冬の渇水「持久戦に」水資源機構が現地説明会
2026/02/07

宇連ダムの状況を説明する松岡課長㊧と上野副所長㊨(新城市川合)
東三河で深刻化する渇水をめぐり、水資源機構豊川用水総合管理所は6日、水源の一つである新城市川合の宇連ダムで、報道機関向けに現地説明会を開いた。ダムの貯水率が5・3%(6日午前0時)まで低下する中、松岡良司管理課長は「冬の渇水は水量の回復が見込めず、持久戦になる。
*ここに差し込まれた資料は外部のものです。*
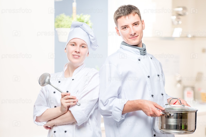 Горизонтальный портрет пары поваров с кастрюлей и ковшом на фоне кухни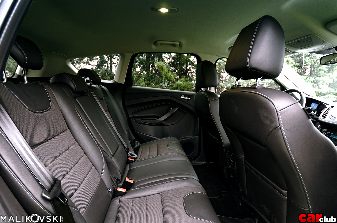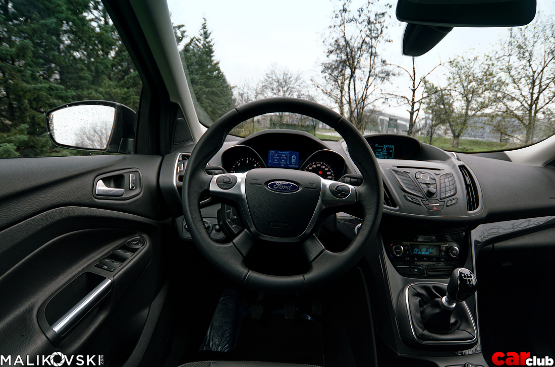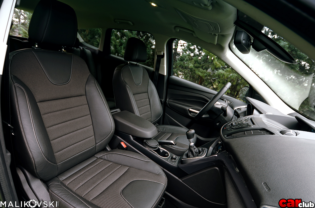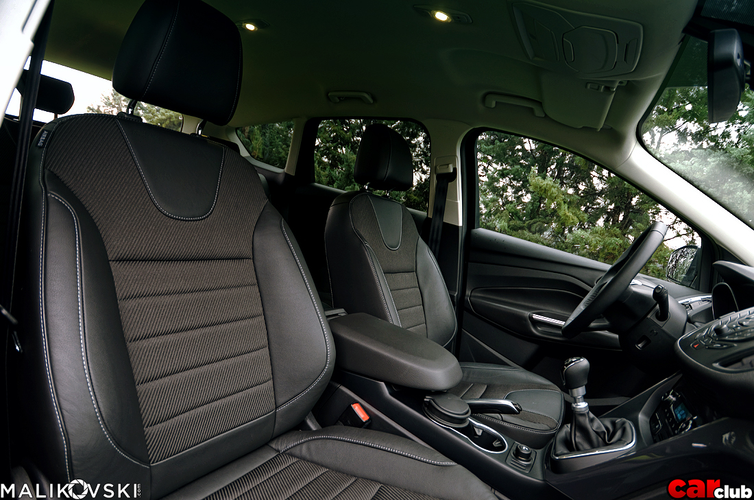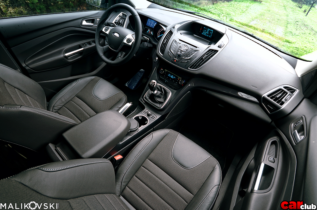Вистински пријатно изненадување нè очекува во ентериерот. Нашиот тестен примерок беше во Titanium нивото на опрема и дојде со прекрасни седишта обвиени во штоф и кожа кои се покажаа како исклучително комфорни и соодветни на намената и карактерот на Kuga. Истовремено, материјалите и завршната обработка беа на повисоко ниво од она што обично го очекуваме во оваа класа – меката кожа со која беше обложен управувачот заслужува особена пофалба – во Kuga се чувствувавме како во SUV кој припаѓа во класата погоре.

少しでも延命させるために節水がすごく重要になる」と呼びかけた。
総合管理所によると、この1月、宇連ダム周辺の降水量はわずか1ミリ。昨年10月からの4カ月でも平年の半分程度の205ミリで、豊川用水が通水した1968年以降で4番目に少なかった。
現在の水位は満水時より41メートル低く、貯水率は平年の1割弱。上流部では、普段は水面下に隠れている橋や滝が姿を現していた。
水不足といえば近年では、宇連ダムの貯水率がゼロとなった2019年が思い出される。しかし、それは梅雨を控えた5月のことで、冬の渇水は20年ぶりの出来事だ。
豊川用水には天竜川の佐久間ダム(豊根村、浜松市)からの導水路もあるのだが、水を回してもらえるのは5~9月に限られる。
今後について、松岡課長は「例年だと3月に菜種梅雨がある。それまでに5ミリ、10ミリでも降って、つなげられれば」と希望を述べた。
豊川用水では今回、昨年8月末から節水が始まり、1月末には節水率が上水道17%、農業・工業30%に引き上げられた。総合管理所などは来週初めにも会議を開き、さらなる対策強化を検討する。
上野英二副所長は「今後、生活への影響が出てくるかもしれず、節水の機運を高めていきたい」と話した。